Teen gets vaccinated, rebelling against anti-vaxxer mom

Elias Hubbard
February 12, 2019

But it wasn't until speaking with friends that he realized he was the only one out of his peer group to not have had the life-saving vaccinations.

Lindenberger's opinion on vaccinations hasn't changed his mother's mind, but Wheeler did say it's been a learning experience. I'd assume that I can get them on my own, but I've just never had a conversation with anyone about the subject.

The B.C. Centre for Disease Control tracks child immunization and reports that 82.1 per cent of children aged seven had been immunized for measles in 2018, compared to 88.4 per cent in 2017 and 90.2 per cent in 2016. "Even though I'm 18, I don't pull that card".

An Ohio teenager recently got vaccinated, against the wishes of his mother, after he conducted his own research that challenged what he'd been told during his childhood.

"It was like him spitting on me", Wheeler told Undark. You don't know what you're talking about.

OH is one of several states where parents can make that decision.

Jill Wheeler, the mother of Ethan Lindenberger, 18, vaccinated her oldest daughter and partially vaccinated her oldest son. The oral vaccine started giving people polio. Despite measles being officially declared "eliminated in the United States" in 2000, the number of measles cases have been increasing ever since, with 79 cases already in 2019, a lot of them in Washington state. His mother has already indicated that she will not allow his 16-year old brother to be immunized, although he wants it, Lindenberger said.

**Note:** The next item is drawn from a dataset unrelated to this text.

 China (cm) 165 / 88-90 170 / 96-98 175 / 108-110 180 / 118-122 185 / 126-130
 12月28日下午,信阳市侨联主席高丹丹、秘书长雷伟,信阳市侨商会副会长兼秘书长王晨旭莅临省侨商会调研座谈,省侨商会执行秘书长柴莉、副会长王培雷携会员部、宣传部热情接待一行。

"More children in the WHO European Region are being vaccinated against measles than ever before; but progress has been uneven between and within countries, leaving increasing clusters of susceptible individuals unprotected, and resulting in a record number of people affected by the virus in 2018", the United Nations agency said this week in a news release.

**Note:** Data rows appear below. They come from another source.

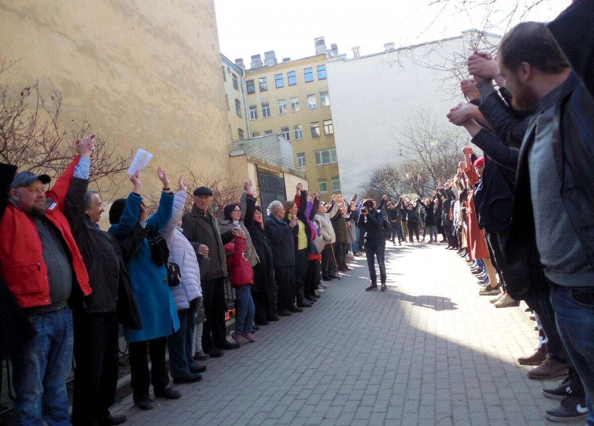В воскресенье, 7 апреля, петербуржцы окружили живым щитом сквер в Кузнечном переулке в Центральном районе. В акции, по подсчетам организаторов, поучаствовали 250 человек.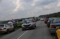 観戦者の路駐が続く中を走るラリー車。海外ラリーの郊外ステージ周辺ではよく見られる光景 |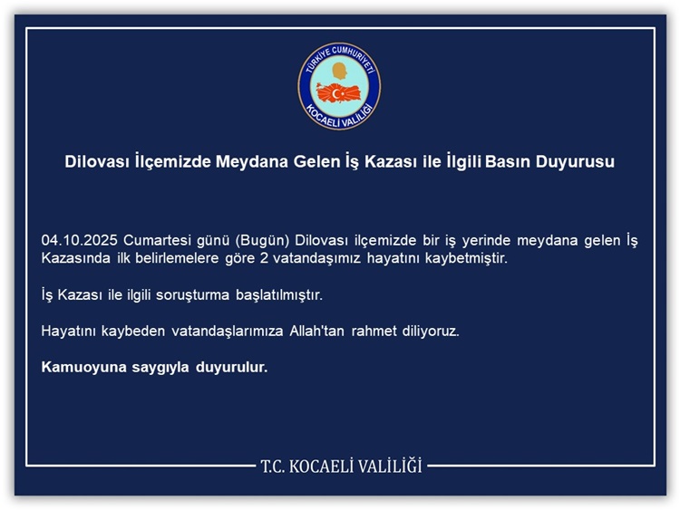 Konuyla ilgili Kocaeli Valiliği açıklama yayımladı.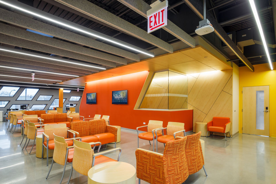 While blurring the lines between public plaza, lobby, and site, the colorful plaza attracts both the community and orients visitors to and through their ultimate destinations. This flowing and open lobby plan, located at the most predominant corner of the site, becomes the central and vibrant hub of the facility.

The report comes as both Canada and the United States face another year of measles outbreaks such as one now underway in Washington State and OR, where support for anti-vaccination has been notable.

The law requires the government to provide free immunization to infants and children up to 5 years of age for vaccine-preventable diseases such as measles, tuberculosis diphtheria, tetanus and pertussis; poliomyelitis; mumps; Hepatitis-B; and H. Influenza type B (HIB).

In 2015, at least 95 cases of measles were reported nationwide by the end of January. Lindenberger says his parents do not believe in vaccinations unless absolutely necessary. This is the scientific argument for a public health policy that aims at 100% vaccination coverage.